Wednesday, January 28, 2004

Reality Hammer: The "sensible center" flexes its muscle

John Kerry wins in New Hampshire, and he did it by carrying the "sensible center".

This continues a trend that should worry the Bush camp. The more centrist the Democrat candidate appears, the more easily the Democrats can siphon away moderates and independents who fall for the liberal myths of a "jobless" recovery and "illegal" war in Iraq.

As I predicted, though, Howard Dean carried a strong minority of liberal/hate Bush voters who will push the Democrats to the left at every opportunity. At this point it appears that Dean may simply be planning on carrying enough delegates to push through extremist planks for the party platform. He will not be campaiging seriously in either South Carolina or Missouri and will instead focus on two smaller states: Arizona and New Mexico.

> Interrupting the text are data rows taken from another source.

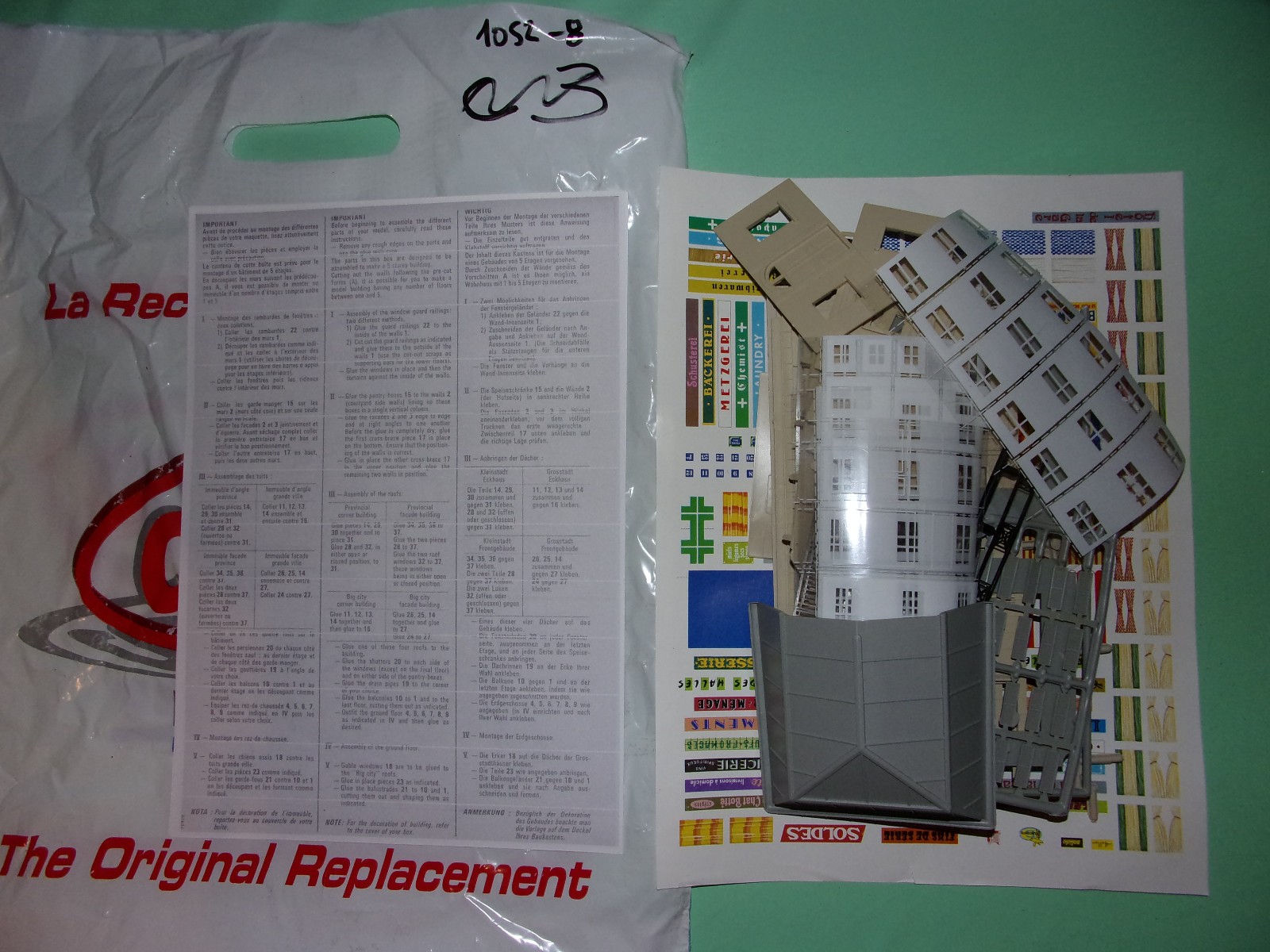 La maquette JOUEF 1052 NEUF représente un immeuble d’angle typique des villes européennes, avec un toit en zinc et des façades détaillées. Les pièces sont soigneusement conçues pour offrir une expérience de construction réaliste et engageante. La maquette est composée de plusieurs éléments, dont des murs, des fenêtres, des portes et un toit en zinc, qui doivent être assemblés avec soin pour créer l’immeuble final.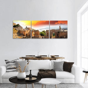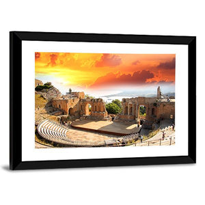 This panoramic canvas shows the ancient theater of Taormina in Sicily, with stone arches and columns framed by a dramatic Mediterranean sunset and distant coastline. Its realistic, cinematic palette of warm oranges, browns and blue-gray tones creates an epic, nostalgic mood that fits modern or coastal interiors.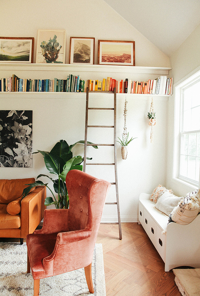 Bulky bookcases and small living rooms don't make good bedfellows. But that doesn't mean that your perfectly color-coded tomes should live out the rest of their days in boxes banished to the garage. Follow the lead of Anna from In Honor of Design, and utilize all of that empty wall real estate near your ceiling. It will draw your eyes up and free up valuable floor space.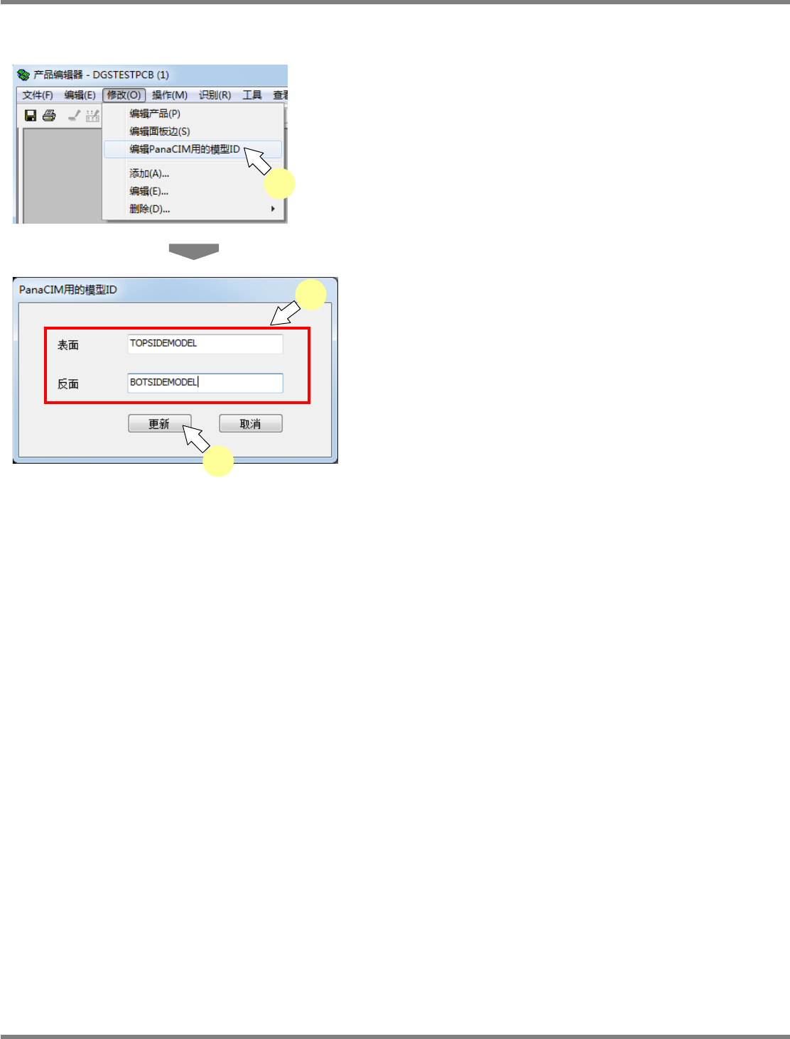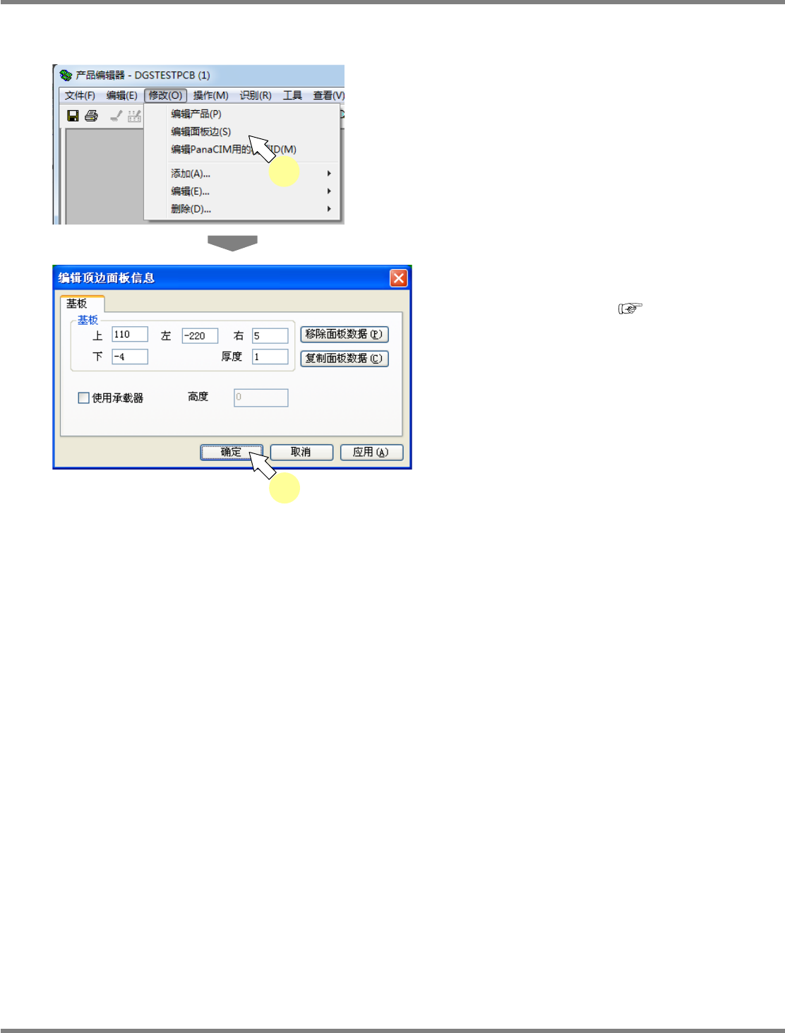 NPM-DGS 程序手册 5.8 PCB 编辑 EJS9AC-MB-05P-25 Page 5-155 编辑基板属性 1 选择菜单栏的 [ 修改 ] [ 编辑面板边 ] , 或者鼠标光标位于基板上时在右击菜 单中选择 [ 编辑面板边 ] , 或者双击基板。 将会显示 < 编辑顶边面板信息 > 画面。 2 进行标签的编辑。 < 基板数据复制 > 画面 : ‘5.8.1 基板信息 ’ ‘ 基板标签…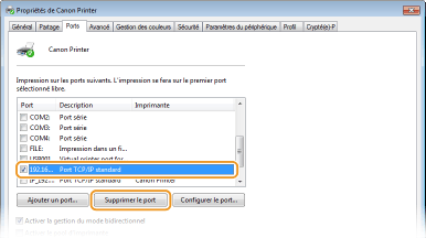 Vous ne pouvez pas supprimer un port en cours d'utilisation. Pour supprimer un port en cours d'utilisation, sélectionnez un nouveau port à utiliser sur l'appareil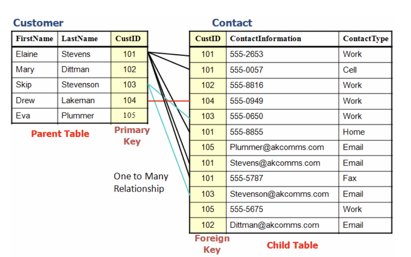 - Primary key는 고유한 값을 포함할 수 있으며 관계형 테이블에서 NULL 값을 가질 수 없습니다.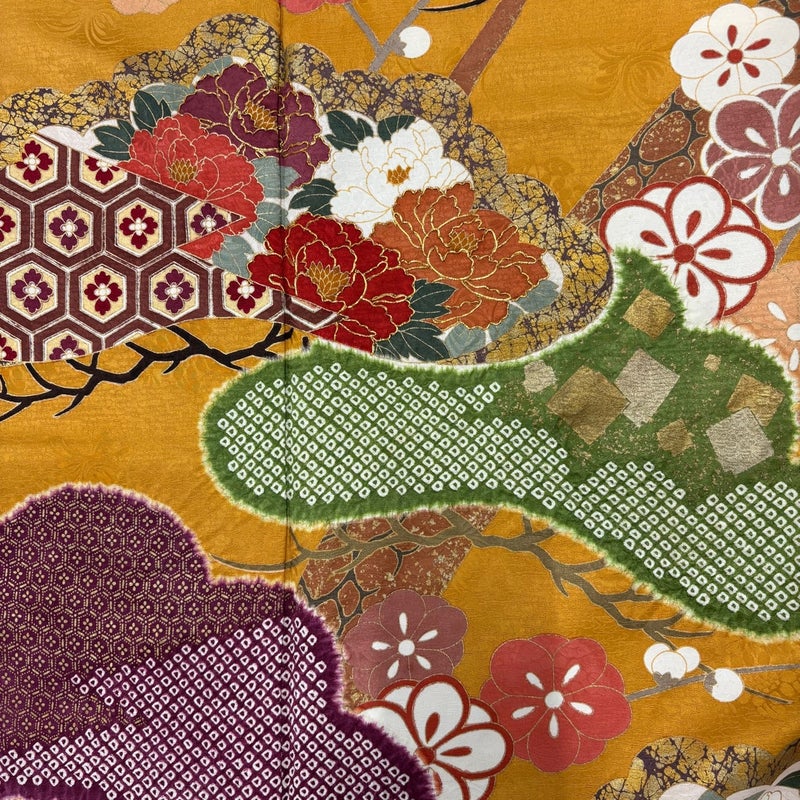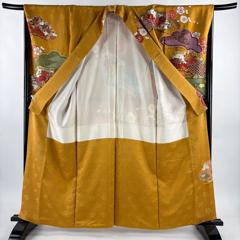 【振袖】 黄色系 山吹色 秀品 B 約160cm~約169cm 裄丈66cm (M)size 袖丈91cm以上 7990-9980 二万以下

There isn't much point for Lieberman to carry on past today. He will probably drop out before the week ends. Clark will apparently hope for a miracle in the southern state primaries. He failed badly in New Hampshire, after neglecting Iowa in the hopes of placing first or second today.

John Edwards was disappointing, but is pointing to lowered expectations as a reason to be upbeat. His real tests come in the south, which are supposed to be "his" territory.

What is interesting in this pespective is Brett Kottmann's take on the winning strategy to be 'sensible center'. In my mind, that has been the domain of Sen. Joseph Lieberman all along. Gov. Dean has been so far to the Left he's miles from the center (despite the NRA votes he claims to count on). That meant Sen. John Kerry had to swing further to the Left than he had been all along (and thus his sudden realization he was against the war, despite his impassioned speech on the floor in October '02).

Gen. Clark is still reminding folks he was the general, and Sen. Kerry was only a lieutenant. Sen Edwards is happy to be in 4th place in NH... he's still alive, but there are plenty of other northern states to go.

The rest of the pack is so far out of the race it doesn't matter how far Left they lean.

Sen. Lieberman has dared to address teacher union groups on the benefits of school vouchers, and of all the presidential challengers, his view on the tax cuts is the most centrist (even if it is still a myopic view).

So in my view, Mr. Kottmann's assessment of Sen. Kerry's success was based on his 'centrist' views misses the mark. After all, isn't the time honored chestnut still valid: "Run toward the {Right|LEft} to win the nomination, run toward the Center to get elected"?